Why call object class parameter method linseed of fixed data type parameter in inheritance

Question

Case 1:

public class BaseClass
{
    public virtual void Print(int i)
    {
        Console.WriteLine("BaseClass Print(int)");
    }
}

public class DerivedClass : BaseClass
{
    public override void Print(int i)
    {
        Console.WriteLine("DerivedClass Print(int)");
    }

    public void Print(object obj)
    {
        Console.WriteLine("DerivedClass Print(object)");
    }
}
static void Main(string[] args)
{
    DerivedClass objDerivedClass = new DerivedClass();
    int i = 10;
    objDerivedClass.Print(i);
}

Output is DerivedClass Print(object).

Case 2:

public class SomeClass
{
    public void Print(int i)
    {
        Console.WriteLine("DerivedClass Print(int)");
    }

    public void Print(object obj)
    {
        Console.WriteLine("DerivedClass Print(object)");
    }
}

static void Main(string[] args)
{
    SomeClass objSomeClass = new SomeClass();
    int i = 10;
    objSomeClass.Print(i);
}

Output is DerivedClass Print(int).

After calling objDerivedClass.Print(i); method, the output is DerivedClass Print(object). I don't understand why the method Print(object obj) is being called instead of Print(int i).

If DerivedClass does not inherit BaseClass class then output is DerivedClass Print(int).

Please explain.......

Answer 1

This is how overload resolution works with inheritance:

1. The function that includes the override modifier is excluded from the set of candidates.
2. Since the function with the object parameter can be used, then the function that is declared in the base is removed from the set of candidates.

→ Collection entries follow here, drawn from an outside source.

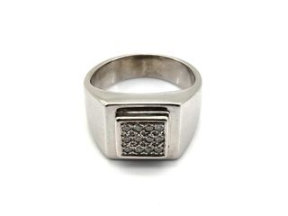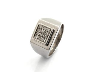 Elegante anillo de caballero fabricado en oro blanco de 18 quilates. Destaca por su diseño con incrustaciones de diamantes. Venta en persona. - Material: Oro blanco 18kt. - Piedras: Diamantes.
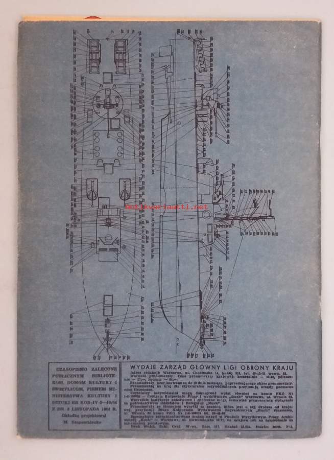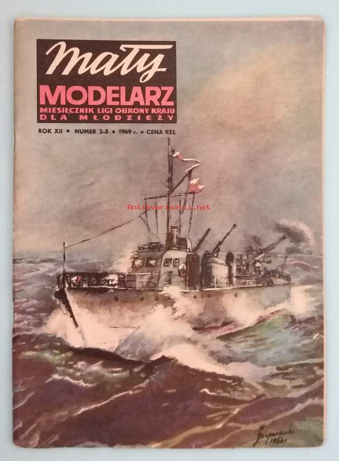 Mały Modelarz oli puolalainen nuorisolle suunnattu mallirakennuslehti ja sitä julkaisi Liga Obrony Kraju (LOK) – Puolan maanpuolustusjärjestö. Lehti sisälsi kartonkimallien rakennuskaavoja kokoamisohjeineen: laivoja, lentokoneita, panssarivaunuja, rakennuksia. Numeron koottavana mallina todennäköisetsi Puolan laivaston hävittäjä, mahdollisesti Grom‑luokka. Dimensiot 30 ¤ 21 cm. Harvinainen ja hyväkuntoisen erittäin harvinainen Mały Modelarz was a Polish model‑building magazine aimed at young readers and published by Liga Obrony Kraju (LOK), the Polish national defense organization. The magazine contained cardboard model templates with assembly instructions, including ships, aircraft, tanks, and buildings. The model included in this issue was most likely a destroyer of the Polish Navy, possibly of the Grom class. The dimensions are 30 × 21 cm.Condition grade K3+ or K4. The covers show slight fading. No tears, no markings. The template sheets are flawless and uncut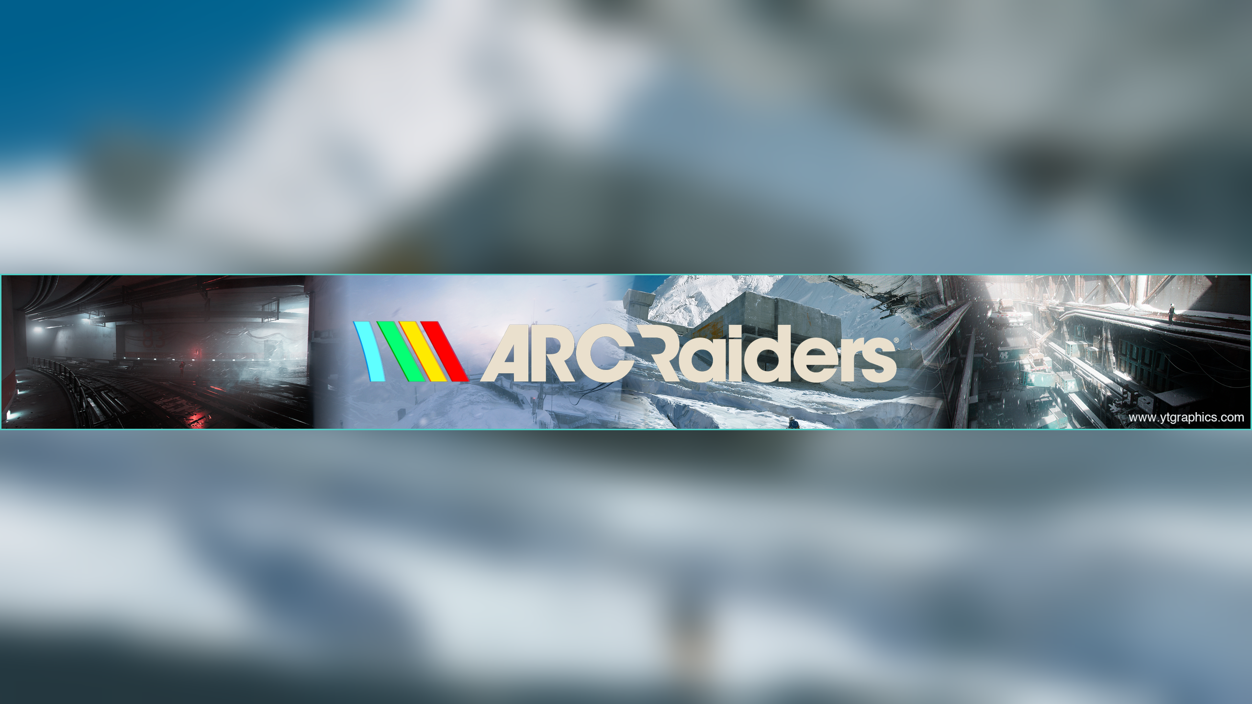 This custom YouTube banner features iconic Arc Raiders imagery with the game’s signature rainbow stripe logo. The design showcases atmospheric in-game environments blended into a central strip, perfect for gaming channels covering Arc Raiders content, walkthroughs, or news. Download dimensions are optimized at 2560×1440 pixels to meet YouTube’s recommended banner specifications.
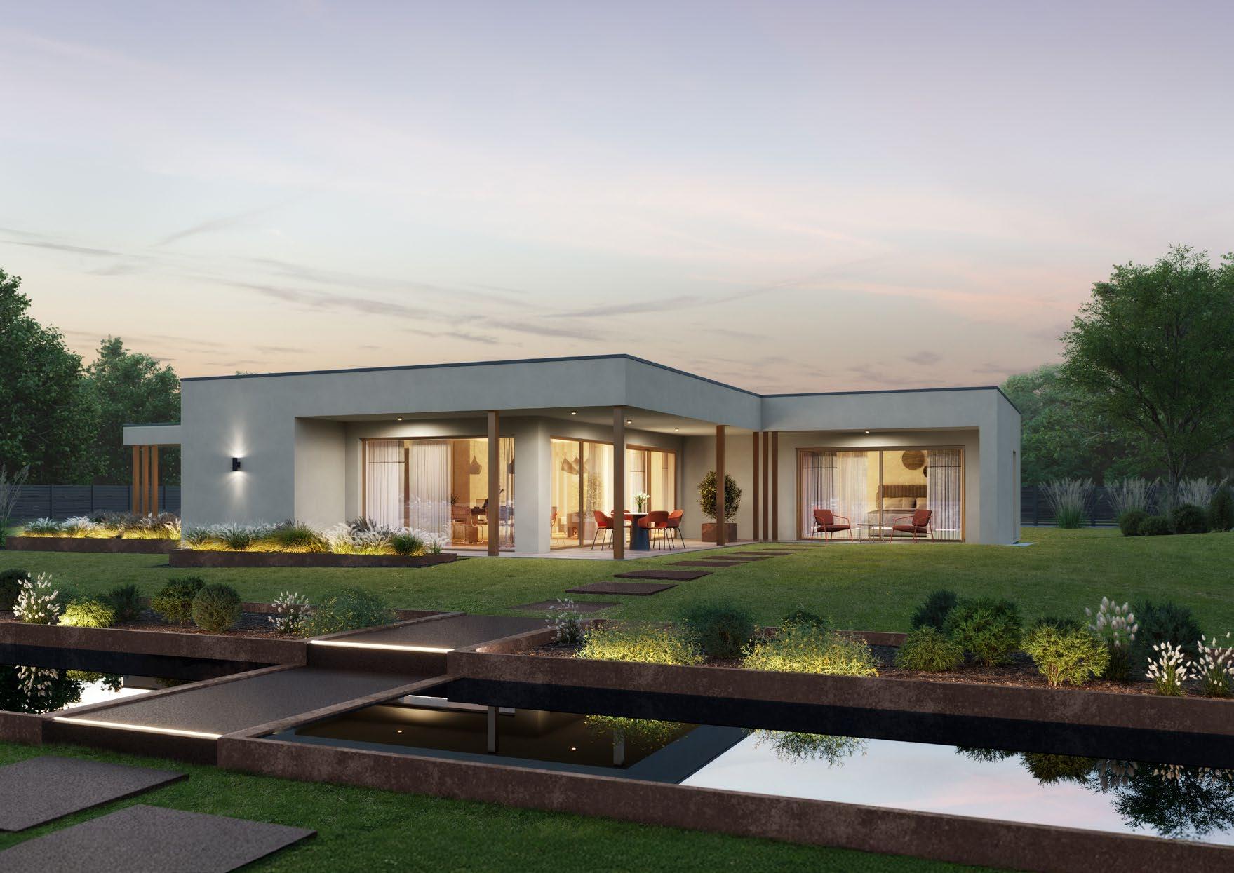 Der Bungalow C138 begeistert durch klare Linien, großzügige Fensterfronten und eine offene, lichtdurchflutete Raumgestaltung. Die Verbindung aus moderner Architektur und funktionaler Planung schafft ein Wohnkonzept, das höchsten Ansprüchen gerecht wird. Der L-förmige Grundriss öffnet sich zu einem geschützten Außenbereich und lässt Innen- und Außenraum harmonisch miteinander verschmelzen. Der weitläufige Wohn-, Ess- und Küchenbereich mit großen Schiebetüren bildet das Herzstück des Hauses – perfekt für entspannte Familienzeit oder gesellige Abende mit Freunden.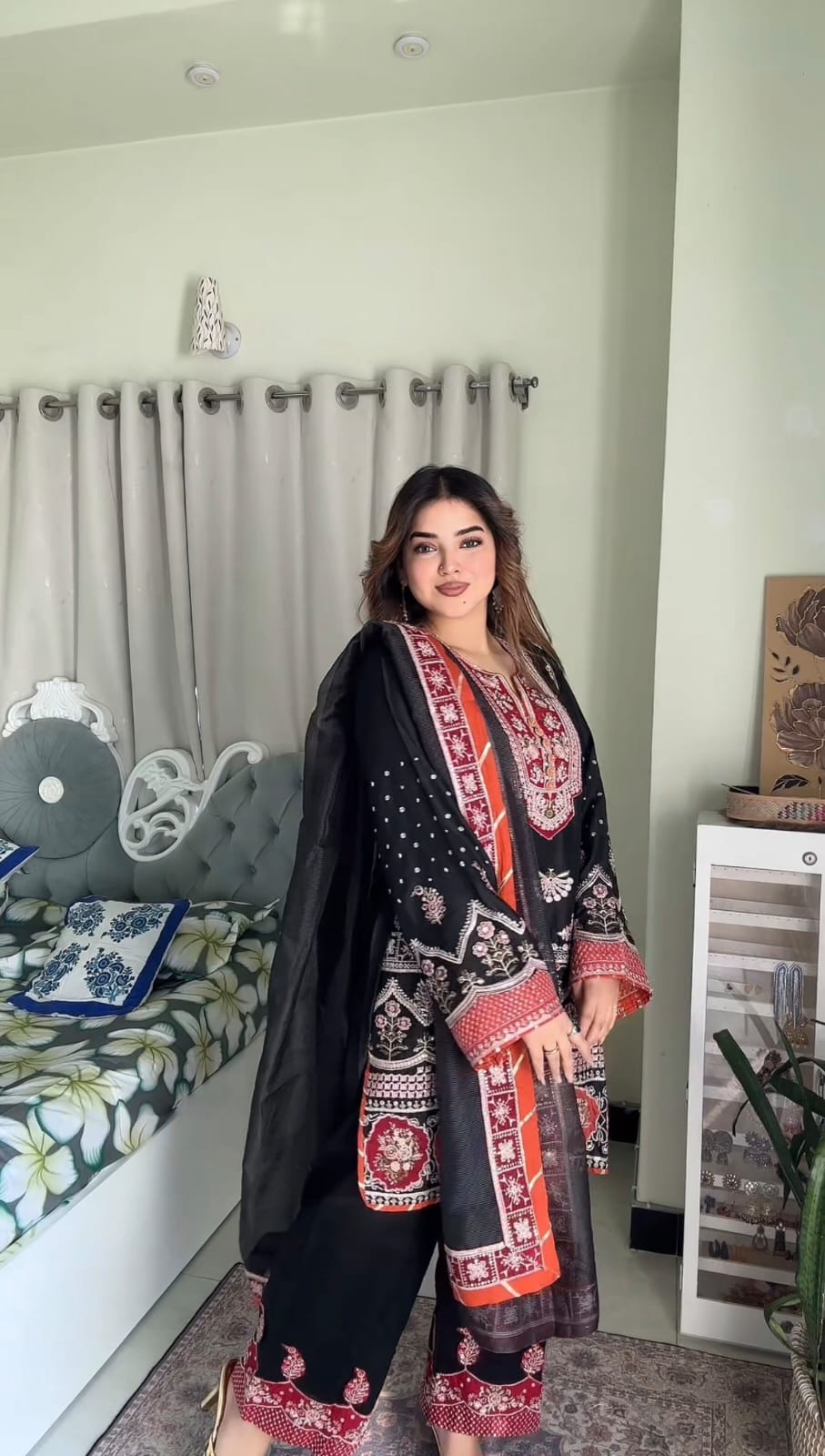 🔹 ফ্যাব্রিক: লাক্সারি মাশলিন সফট কটন, ভারী এমব্রয়ডারি ও সিকোয়েন্স কাজ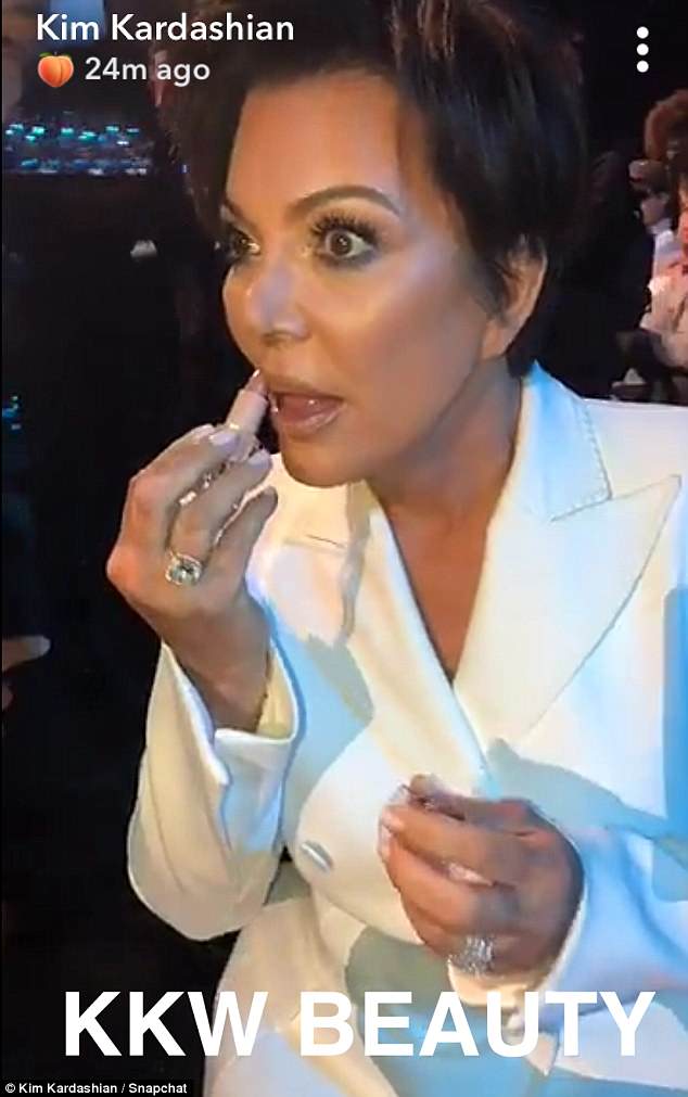 She captured mom Kris in a candid moment putting on lipstick, which she captioned: 'KKW beauty.'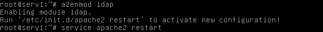 Au niveau de la configuration d’Apache, le module LDAP doit être activé pour permettre l’utilisation des fonctions LDAP en PHP. On utilise donc la commande « a2enmod » qui permet d’activer un module, puis on redémarre le serveur Apache pour activer la nouvelle configuration.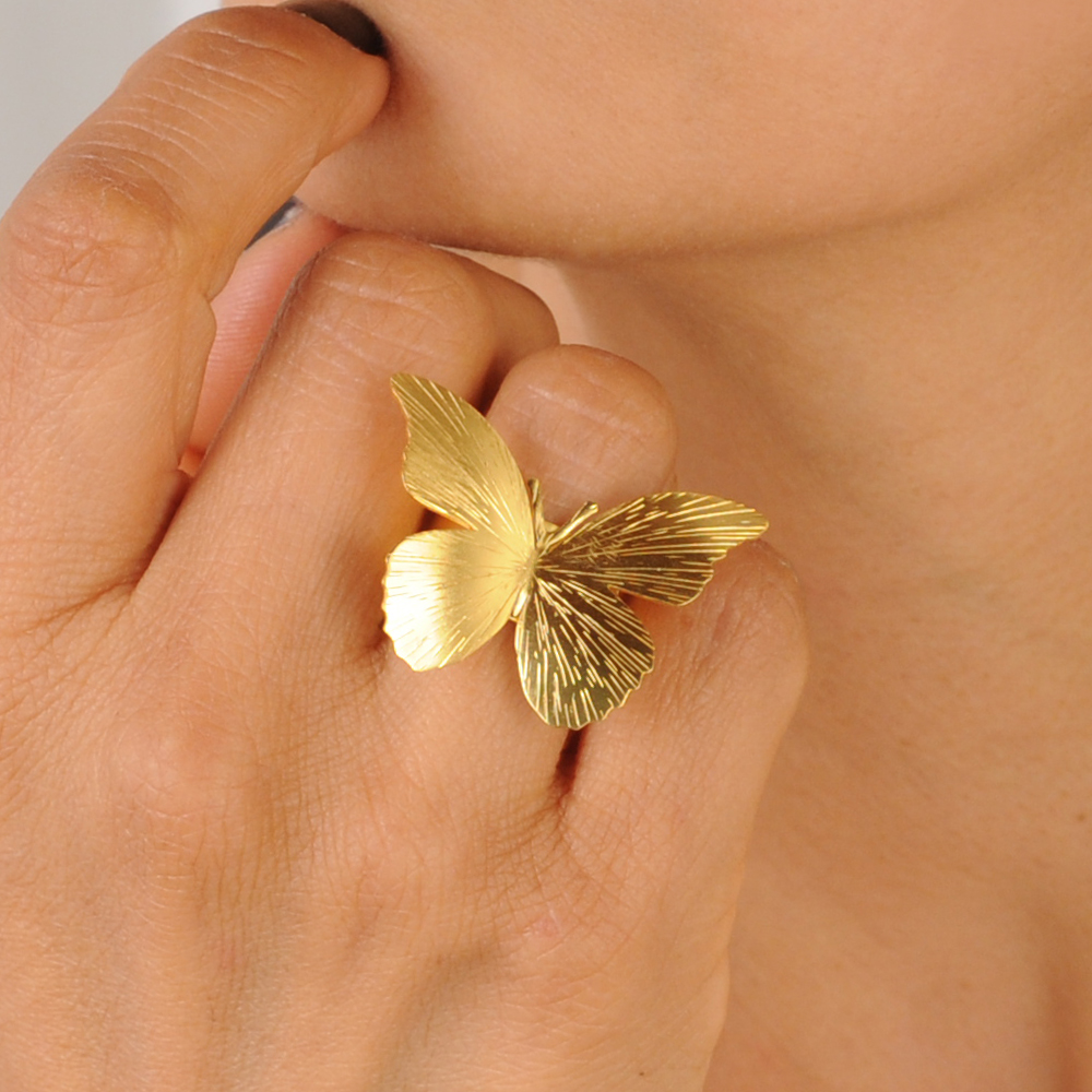 Inelul Renacer fluture mare este lucrat dintr-un aliaj de cupru si zinc, placat cu aur de 24k sau argint pur, si nu contine nichel sau plumb. Este acoperit cu un lac cataforetic pentru a proteja aurul sau argintul si pentru a oferi piesei mai multa durabilitate.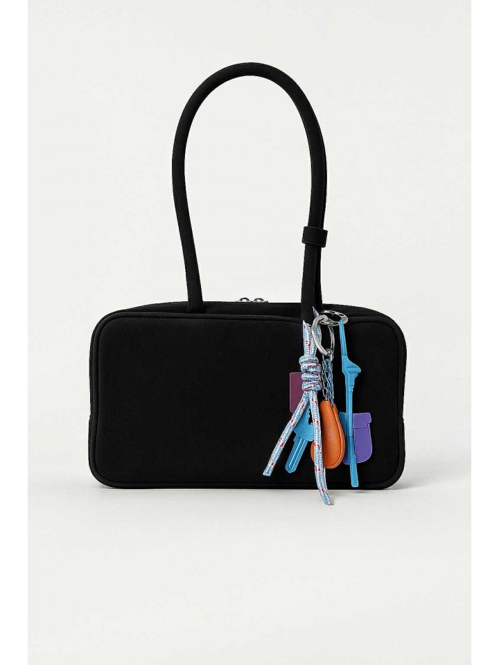 Poczuj siłę detalu. Ta czarna torebka wykonana z najwyższej jakości włoskiego zamszu to coś więcej niż dodatek — to manifest stylu. Jej miękka, przyjemna w dotyku struktura subtelnie kontrastuje z wyrazistymi akcentami w postaci kolorowych breloków, które przyciągają spojrzenia i podkreślają Twoją unikalność.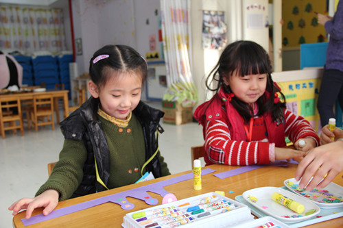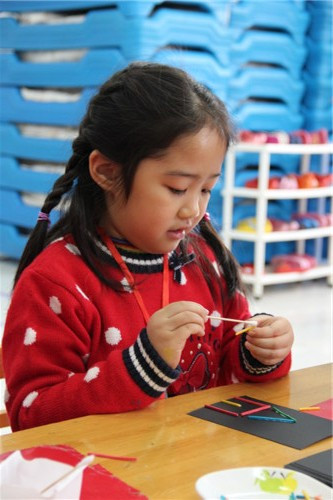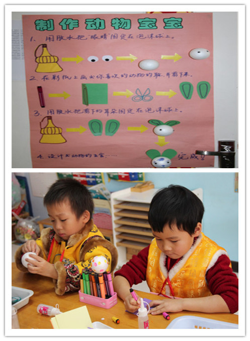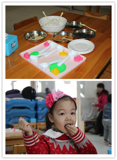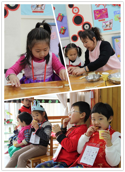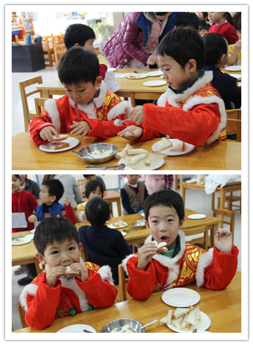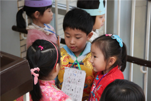 2013年12月26日早9:00,随着欢快的新年音乐声起,一年一度的新年逛庙会活动开始啦!孩子们对这一天期待已久,在老师们前期的经验铺垫基础上,孩子们都十分有计划的奔向目的地,部分大班幼儿甚至自制庙会路线图,力争参加所有项目。逛庙会活动过程中,每一间教室都能看到孩子们专注的自制美食、满脸幸福的品尝劳动成果;每一项游艺项目都能看到孩子们互相帮助,合作完成作品;每一个楼层都能看到孩子们欢天喜地的穿梭——好朋友手拉手、哥哥姐姐照顾着弟弟妹妹。一张张快乐、满足的笑脸、一阵阵天真、大胆的笑声是孩子们送给辛勤工作的老师们最好的回报与奖励!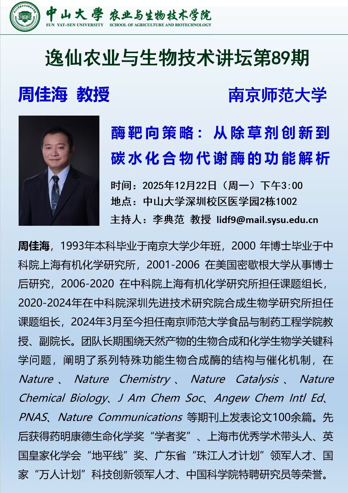 导航痕迹 yl1111永利集团 逸仙讲坛第89期 | 酶靶向策略:从除草剂创新到碳水化合物代谢酶的功能解析 扫描此二维码分享 逸仙讲坛第89期 | 酶靶向策略:从除草剂创新到碳水化合物代谢酶的功能解析 发布人:万子龙 发布日期:2025-12-22 活动时间 2025年12月22日 15:00 - 2025年12月22日 17:00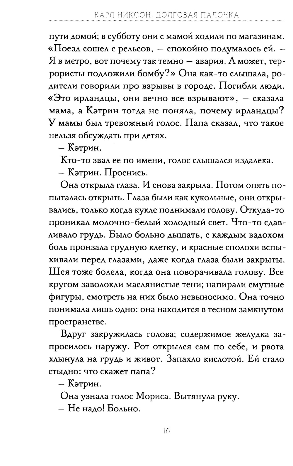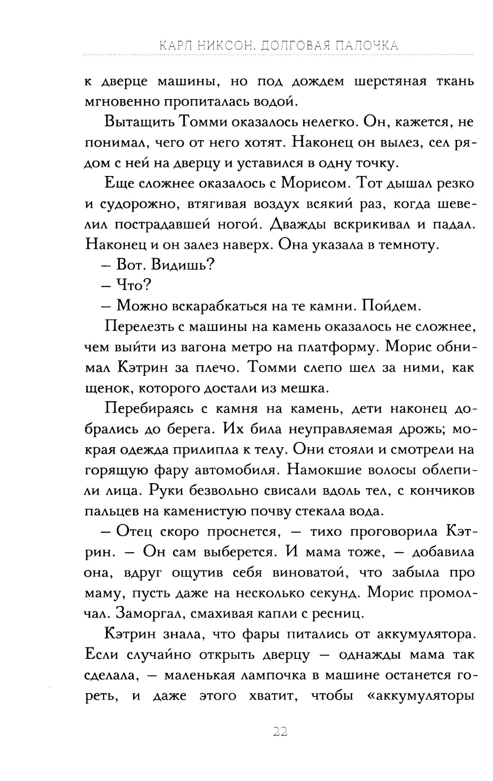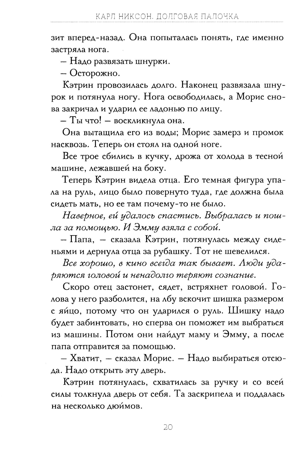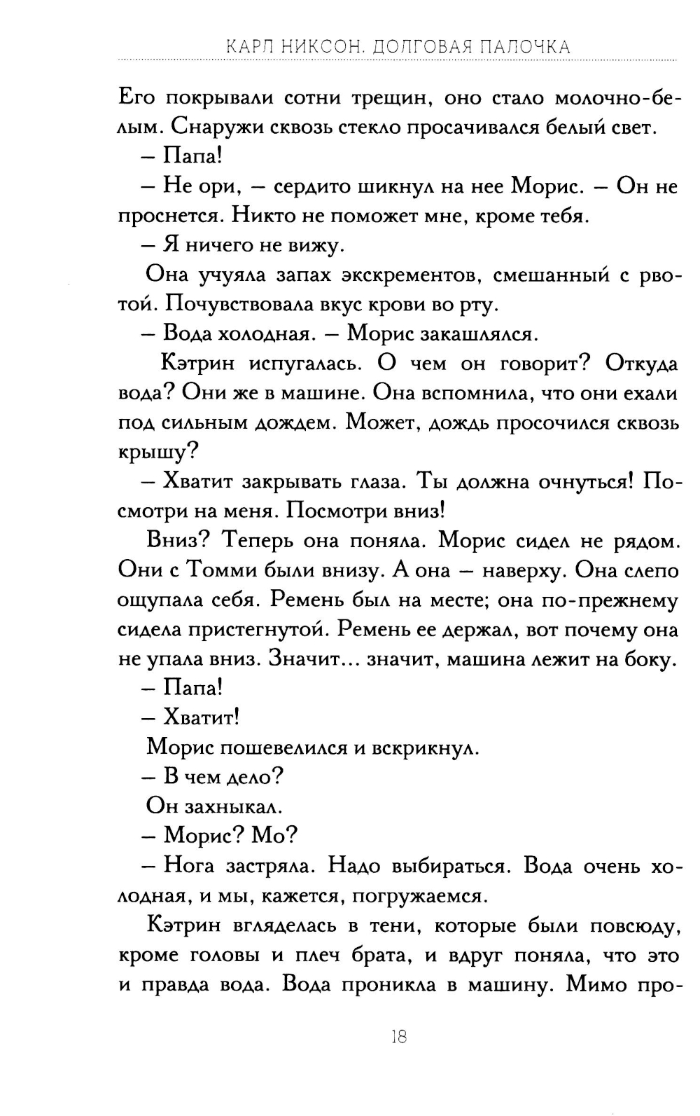 Семья Чемберленов погибла в страшной автокатастрофе. В живых не осталось никого. Так думала полиция… Тридцать лет спустя их родственница Сюзанна получает известие: в лесу обнаружили останки одного из детей, который, по данным экспертизы, прожил еще четыре года после аварии. При нем был найден загадочный брусок с засечками. Как ребенок мог выжить вдали от цивилизации, среди зарослей и скал? Удалось ли спастись кому-то еще? И зачем ему нужна была долговая палочка? Долговая палочка (истор.) - деревянный брусок с зарубками для учета долгов; брусок разламывали и отдавали по половине должнику и кредитору.| Издательство | Рипол Классик |

The winner is the function with the object parameter.

According to Eric Lippert (from Microsoft):

This is by design and for a good reason. This design helps prevent the Brittle Base Class problem. C# was designed to make it easier and safer to write "versioned" components, and this rule is a big part of that.

When no inheritance is used, both functions are candidates, and the one that is more specific is used. The winner is the function with the int parameter.